# ModChipsDirect.com has ran out of stock of nearly everything



## Nickp2517 (Aug 10, 2018)

http://www.modchipsdirect.com/

Only one 3DS flashcart is in stock (Sky3DS), but other than that all the other DS/3DS flashcarts and the SX Pro are all out of stock. Hardly anything in stock now. This is kind of shocking. Anyone know what's going on?


----------



## dsrules (Aug 10, 2018)

"*More stock coming in but stock has been delayed. We will open up orders again when we have stock in hand to avoid people waiting. ETA 16th/17th of August"*


----------



## Nickp2517 (Aug 10, 2018)

dsrules said:


> "*More stock coming in but stock has been delayed. We will open up orders again when we have stock in hand to avoid people waiting. ETA 16th/17th of August"*



I'm not talking specifically the SX Pro.
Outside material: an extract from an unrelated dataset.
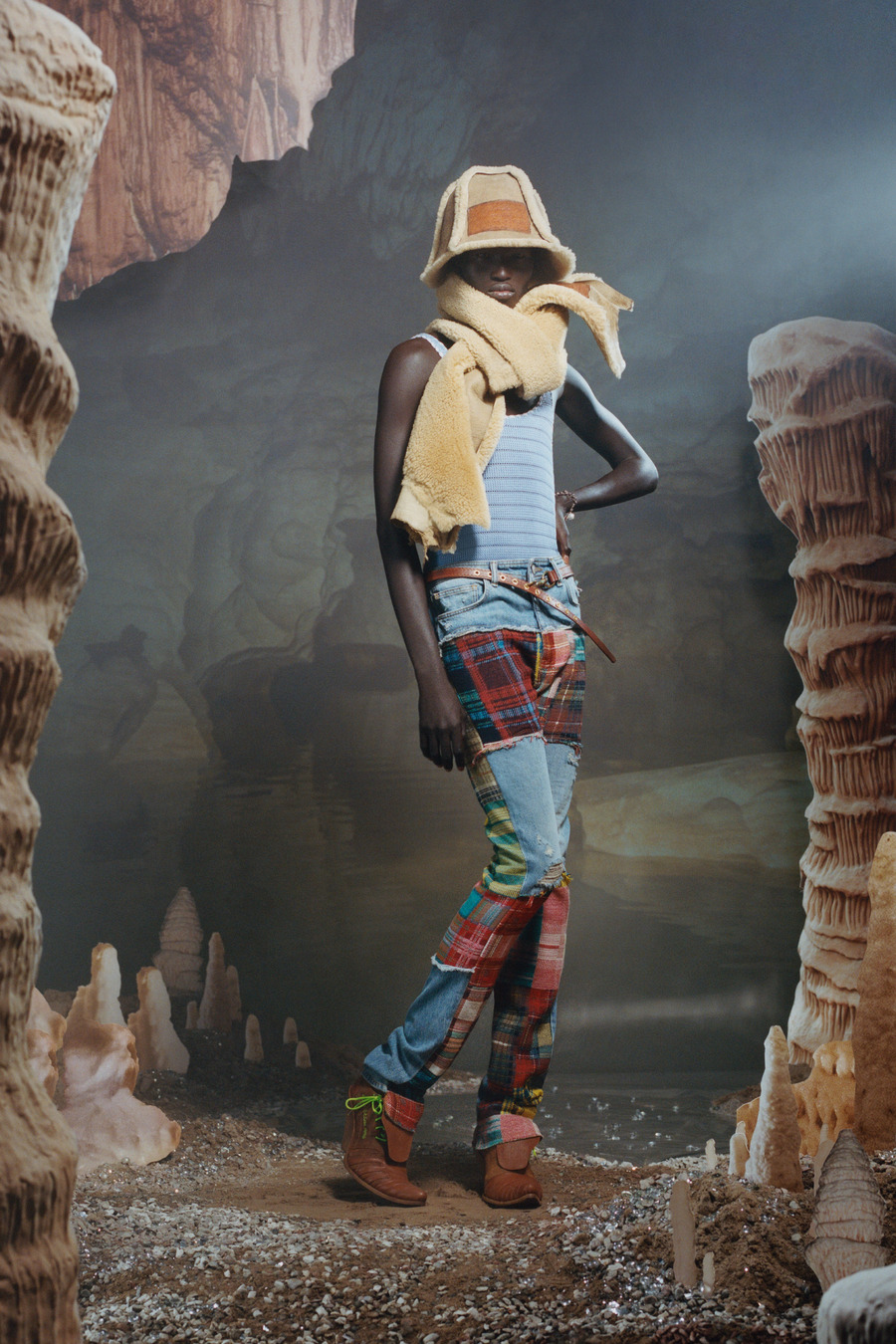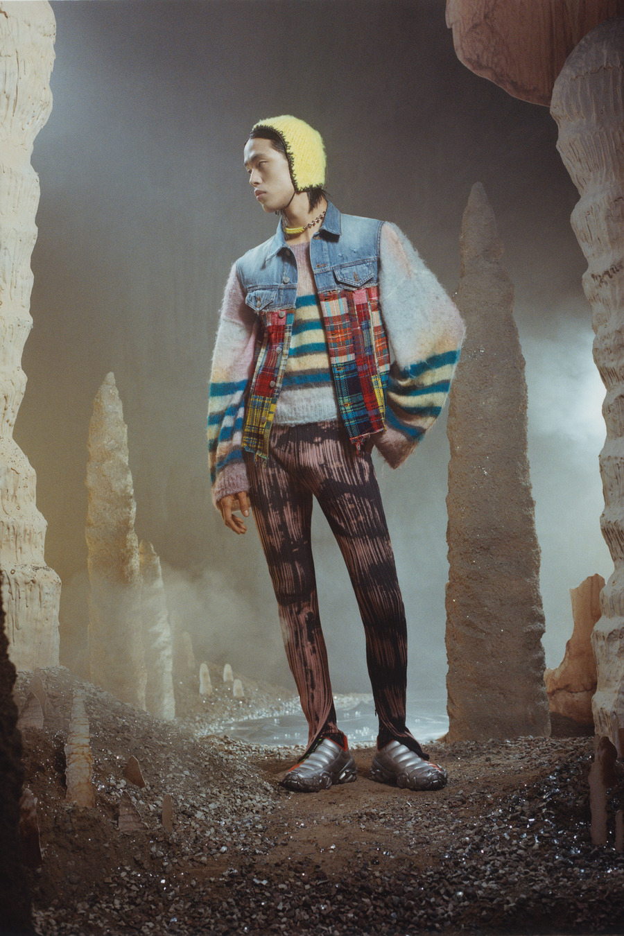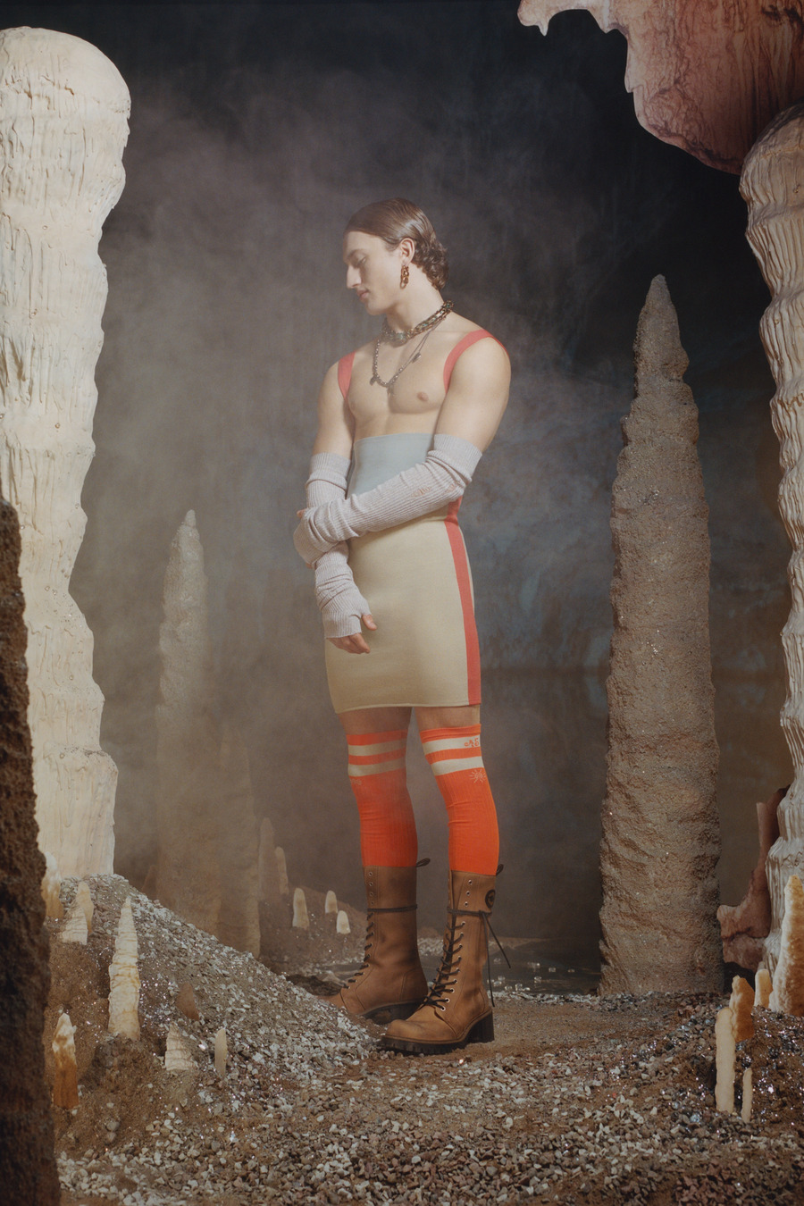 Channelling a modern caveman, the fall/winter 2023 collection celebrates the shifting boundaries of menswear. Juxtaposing fabrics and cuts that traditionally skew feminine with those that once codified masculinity, the collection also blends craft-infused daywear with experimental eveningwear for a new age of self-expression.

If you look in their 3DS section, the Stargate 3DS is out of stock as well as the Supercard 3DS. They were never out of stock before and now they are for some weird reason. And they got rid of their R4 flashcards


----------



## blawar (Aug 10, 2018)

Trumps trade war has gone too far!


----------



## electronrancher (Aug 10, 2018)

My board is in stock.  

https://gbatemp.net/threads/my-dong...ternal-samd-loader-with-cr2032-holder.513755/


----------